Can Kruskal-Wallis test be used for count data

anovahypothesis testingkruskal-wallis test”rregression

I collected positive count data, specifically the number of infected leaves per plant, as part of my experiment. To treat the plants, I placed them in the field for a week using four different treatments. Afterward, I brought them back to a controlled environment, counted the number of infected leaves, and DISCARDED the plants. I repeated this process with fresh plants in the following week. This is not a time series data. Treatments were applied for a week at both locations, so the duration of each treatment was the same.

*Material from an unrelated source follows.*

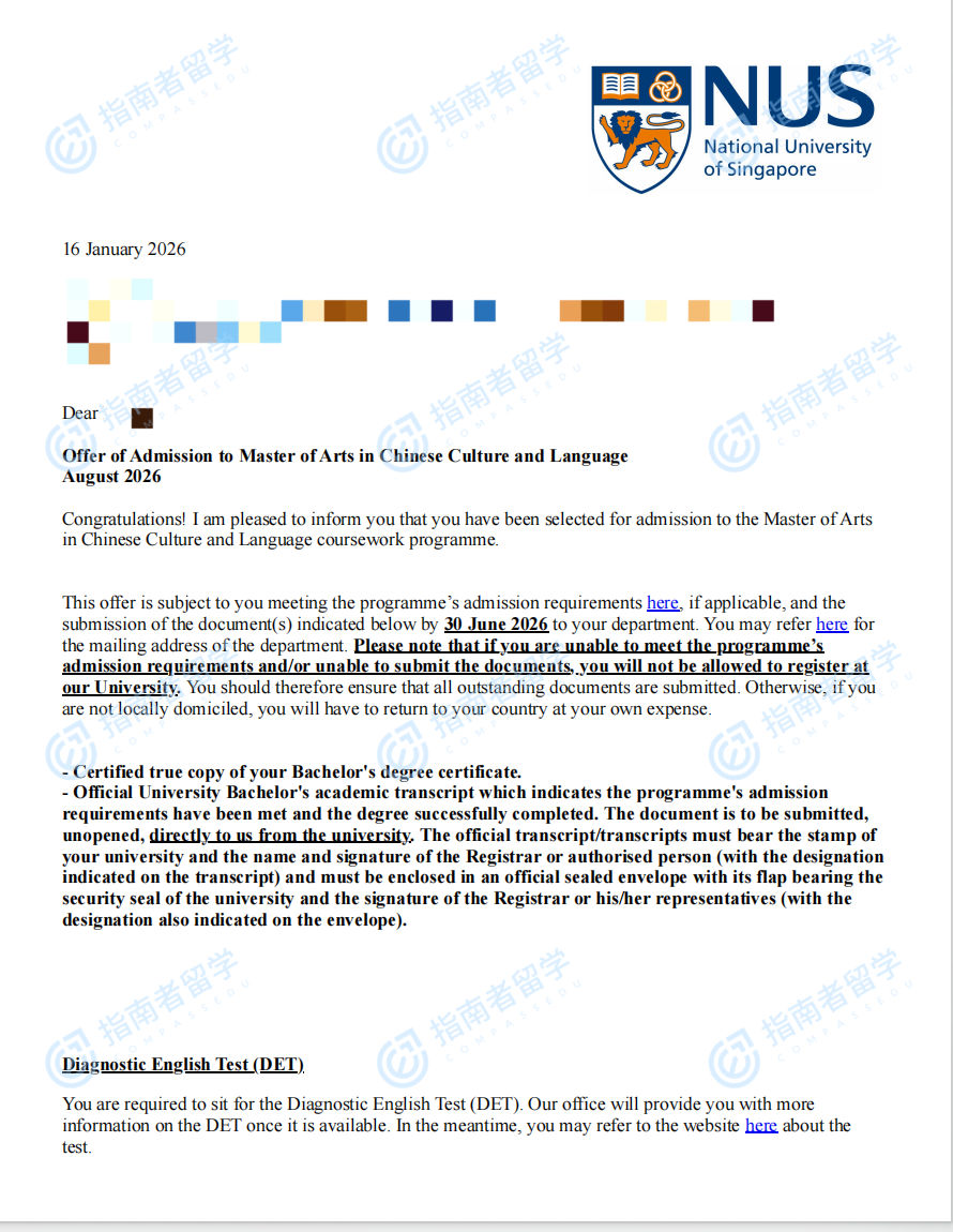 新加坡國立大學(xué)中國文化與語言文學(xué)碩士研究生offer一枚
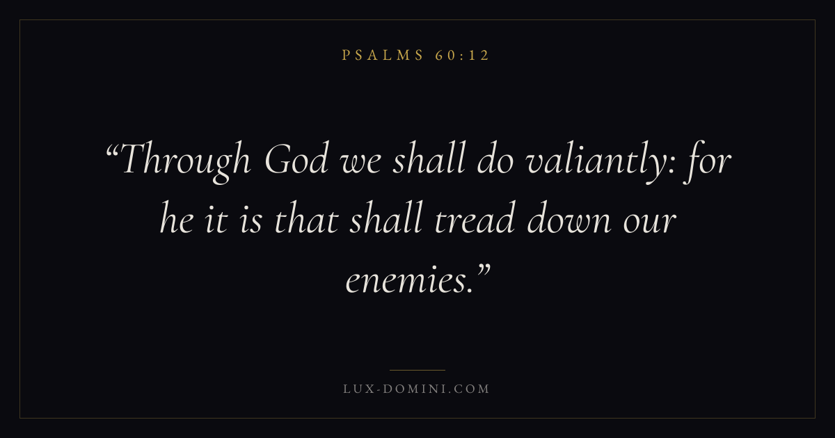Books / Psalms / Chapter 60 / Verse 12 ← Psalms 60:11 Psalms 60:12 Psalms 61:1 → Through God we shall do valiantly: for he it is that shall tread down our enemies. Download verse card Share on Twitter Share on Facebook Pin it ✦ Key themes FaithPrayerPraiseLament Read with Hebrews 11:1Romans 10:17Matthew 6:9Luke 18:1 Related topics Bible verses about faithBible verses about prayerBible verses about thankfulness and gratitudeBible verses about grief and loss ✦ Psalms Chapter 60 verses V. 1 V. 2 V. 3 V. 4 V. 5 V. 6 V. 7 V. 8 V. 9 V. 10 V. 11 V. 12

Plot size, treatment duration and sample material were identical.

Now, I'm interested in comparing the infection rates across different months. I would like to determine if there are any significant differences. My question is whether I can use the Kruskal-Wallis test for this purpose. I understand that the Kruskal-Wallis test is typically used when the response variable exhibits some form of hierarchy or ordinality, while my data consists of count values. Would it be appropriate if I calculate the mean number of infected leaves per month and then compare the monthly means using Kruskal Wallist test?

Note: I tried Poisson regression but they choose one month as a reference group, so the results do not make sense. I tried different months as a reference group, but results are still the same.

Best Answer

First, the default ordering of a categorical predictor in R is alphabetical, so "August" is chosen here for the regression. You can re-order the months any way that you want. I'd recommend coding the months in order in that categorical month predictor, as in your graph, to simplify your view of the modeled outcomes.

Part of your problem is that there seem to be no infected leaves in either May or November. That will tend to give extreme coefficient estimates and associated standard errors, similar to what's seen with perfect separation in logistic regression.

If the month is either May or November, you seem to know (at least from these data) that there will be no infected leaves, just as for some predictor combinations in a logistic regression model you might seem to know that all cases had (or didn't have) the binary outcome. That probably also accounts for the extreme dispersion parameter in the quasi-Poisson fit. If there's a good reason not to expect any counts in those months (for example, May is too early in the year for any leaves and November too late), maybe just omit those months from your analysis and report why you did so.

You don't have any offset in your Poisson model to take into account the total number of leaves, which would be needed if you are interested in infection rates per leaf. Thus what you are modeling seems just to be the total number of infected leaves regardless of how many leaves there were. That is OK in principle, but it might not be what your readers are expecting at first glance when you talk about "incidence rates."

With the default log link of the Poisson model, the (Intercept) of 4.27 should represent the log of the mean number of infected leaves in the reference month of August. The mean value itself is what's reported as the (Intercept) in the tab_model() output. If you analyzed per-plant data for about 12 plants in August and the graph of Raw Data is the sum of infected leaves over all the plants for each month, those values seem to represent that raw-data point (approx. 850 total infected leaves) pretty well.

What you see as a failure of the model to represent reality comes from a misunderstanding of the regression coefficients. With the default "treatment" coding of categorical predictors in R, the regression coefficients for the non-reference months are the differences in the log of the mean counts of each month from the August reference month.* Thus September has a higher log-mean count (positive coefficient) than does August, while the other months have lower values (negative coefficients) on that scale. The "incidence rate ratios" derived by tab_model() from the Poisson model are the ratios of counts relative to the counts of the August reference month. September's ratio is greater than 1; those of the other months are all less than 1.

Those values are all consistent with the raw data. Looking at the October outcome as an example, interpreted correctly as differences in logs (coefficients) or as ratios (tab_model()), those seem also to represent the raw data of about 540 counts over about 12 plants.

I hesitate to recommend this, but you could get results in the form that you want by omitting the intercept from the model (inluding a -1 term in the formula). For a very simple model like this you will then get separate estimates of log-mean-counts for each month.

The reason I hesitate to recommend that is that you presumably will modify the model to take into account treatments and so forth. Without an intercept in a model you will almost certainly end up with even more confusion in even a slightly more complicated model. I tend to use the default "treatment" coding in R and then use post-modeling tools like those in the R emmeans package to get the individual estimates I need.


*That's true for all regression models with "treatment" or "dummy" coding. If there's an intercept, then the Intercept is the estimated outcome at reference conditions and regression coefficients represent differences from the intercept.